Monday, October 29, 2012

Avalon Visionary Rhine River Cruise - Days 2 & 3 - Amsterdam


Oct. 28 & 29, 2012 – Amsterdam

“One day this terrible war will be over.  The time will come when we’ll be people again and not just Jews! – Anne Frank  11 April 1944

On Sunday, Oct. 28, we awoke to an overcast sky and a windy, blustery day.  On our agenda for the day was a trip to the Anne Frank House.  We walked from our hotel, the NH Grand Hotel Krasnapolsky, through the Dam Square and about five or six blocks to this incredible museum.  I had pre-purchased our tickets for an assigned time to go through the house, and it’s really a good thing that I did.  The queue wound around the house and down a couple of blocks for those without tickets.  There must have been over 100 people waiting to purchase tickets. 
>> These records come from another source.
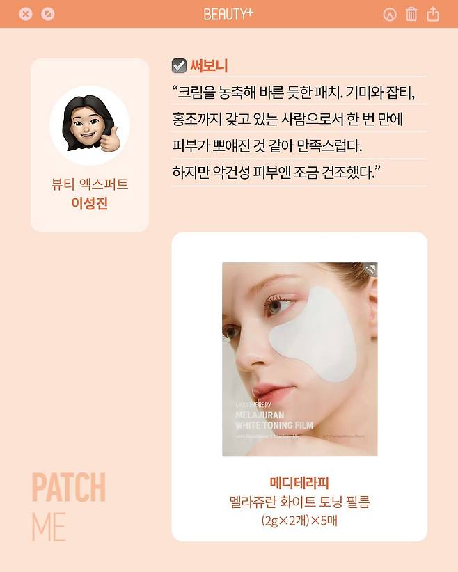 잡티 세럼을 굳혀 만든 제품으로 영양을 공급하고 주름을 탄력 있게 케어하며 환하게 밝혀준다. 붙이면 녹아서 얇아지는 멜팅 겔 타입. 저녁에는 20~30분, 아침엔 3분 정도 붙여두면 눈두덩 부기가 완화된다.
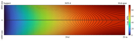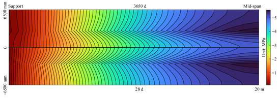 To better show the time-dependent influence, the composite beam on the 3650th day was analyzed. Figure 19 shows the stress distribution on the concrete slab on the 28th and 3650th days. Figure 20 shows the stress distribution at the steel bottom on the 28th and 3650th days. The stress on the concrete slab decreases over this period (28th to 3650th day), and the stress at the bottom flange of the steel beam increases. These results indicate that the creep of concrete produces an unloading effect on the concrete slab.
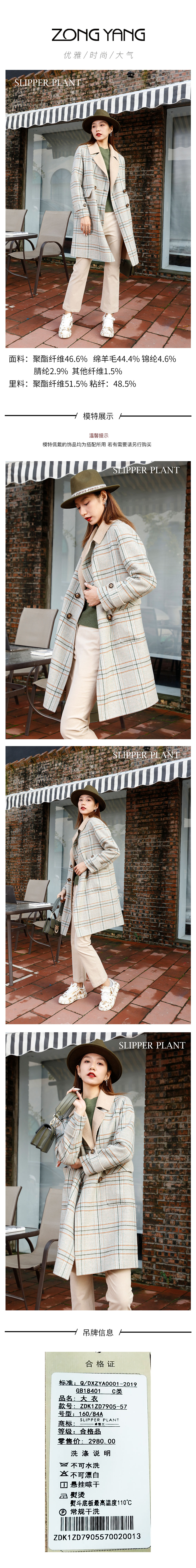 宗洋&卓蔻兰女士中长款时尚格纹大衣ZDK1ZD7905-57

I had watched the movie, “The Diary of Anne Frank”, a few months ago, but seeing the close quarters that this family and their friends lived in for over two years during the Nazi occupation of Holland during World War II, was so moving.  One of the things that amazed me was that no one spoke while they were going through the house.  It is like being on sacred ground. 

The Anne Frank House’s museum is unique.  It is the hiding place where Anne Frank wrote her diary during World War II.  There is a set route through the house that you must follow.  A couple of the many things that made such an impression on me was the size of the small rooms and the narrowness and steep of the stairs.  There were eight people who occupied a space of less than 800 square feet – Anne, her parents, Otto and Edith Frank, her sister, Margot, Hermann, Auguste, and Peter Van Daan (pseudonym  for van Pels in the Diary), and Fritz Pfeffer  (pseudonym for Albert Dussel).  These people had to stay indoors 24 hours a day.  The curtains were always kept closed, so the neighbors could not see them.  Below the house is a warehouse that continued to operate while they were in hiding.  During the day, when the employees were there, all of them had to sit still and not make a sound.  They could not run any water nor flush the toilet. 

There is no longer any furniture in the house because Anne’s father who survived the concentration camp did not want to replace it after the Nazis had emptied all of its contents.  However, the walls of this house can tell so many secrets, and just by being in it and seeing the close quarters and how they had to live was such a moving experience.

Today we took a leisurely canal cruise all around the city of Amsterdam.  There are houses here that are actually crooked from the years of the marshy sub-soil under them settling.  Our ship sailed at noon and we are now en route to Cologne, Germany.  More tomorrow.